I knew she could hear the belt. I knew she could hear the zipper. Her breath shuddered in and then shuddered out.
“I used one hand to touch my breasts,” she whispered. “And the other to work my clit. I wanted your dick so much, Tyler, it was all I could think about. How it stretches me. How you make it hit that perfect spot every time.”
Still leaning back, I freed my cock from my boxer briefs and gripped it, moving my hand slowly up and down.
“What were you thinking about when you came?” I asked. God, I wanted it to be dirty. I wanted it to be so fucking dirty.
Poppy didn’t disappoint. “I thought about you taking my ass while you fingered me. About you pulling out to come on my back.”
Shit. I was hard before, but now—now I was practically concrete. Who was I kidding with this? I needed to fuck her again and I was going to do it right here in the church in the middle of the day.
“My office,” I said through gritted teeth. “Now.”
She scooted out of the booth and I followed, tucking myself back in but not bothering to zip up. As soon as we were in the office, I shut and locked the door and rounded on her at the same time she rounded on me.
We came together like two storm clouds—a crash of separate beings that immediately become one entity.
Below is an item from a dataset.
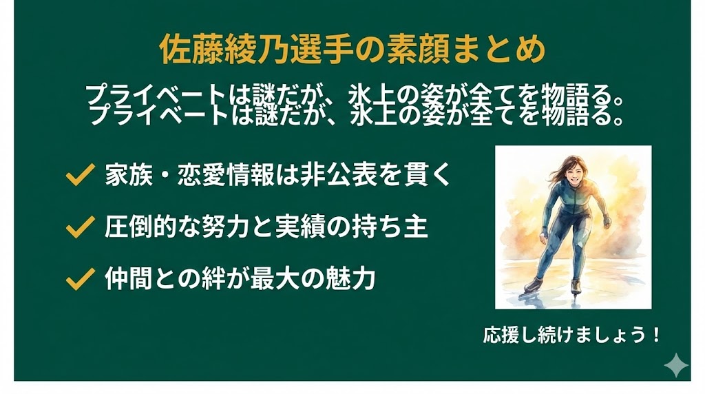 この記事では、佐藤綾乃選手の気になる家族構成や、彼氏・結婚といった恋愛事情について、現在公表されている事実をもとに紐解いていきます。
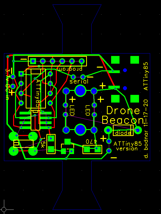 ATTiny85 Programmer I built a simple programmer for the ATTiny that utilizes an Arduino UNO, Detailed instructions on building this programmer are here: http://www.trainelectronics.com/Drone/ATTinyBeacon/ATTinyProgrammerExample.htm |

We were hands and lips and teeth, we were nips and kisses and moans, and I guided her backwards, meaning to put her over my desk, but our legs tangled and we fell to the floor, my arms a cage around her.
“Are you okay?” I asked, worried.
“Yes,” she said impatiently, grabbing my collar to yank me back down to her lips. Her kisses drove me into a frenzy, the softness of her mouth echoing the silken heat below her skirt.
“I have to fuck you,” I managed between kisses. It was a statement of fact. A warning. I slipped a hand down and found that once again, she was without underwear.
“Filthy,” I said. “Fucking filthy.”
She twisted under my touch, tilting her hips up to grant my fingers better access, and I kissed her neck as I jabbed two fingers inside her cunt. She was so wet already, and my rough treatment of her only seemed to arouse her more, because her hands fisted in my shirt and she panted as I continued my assault, awful words coming out
of my mouth, cocktease and slut and you want it, you know you want it.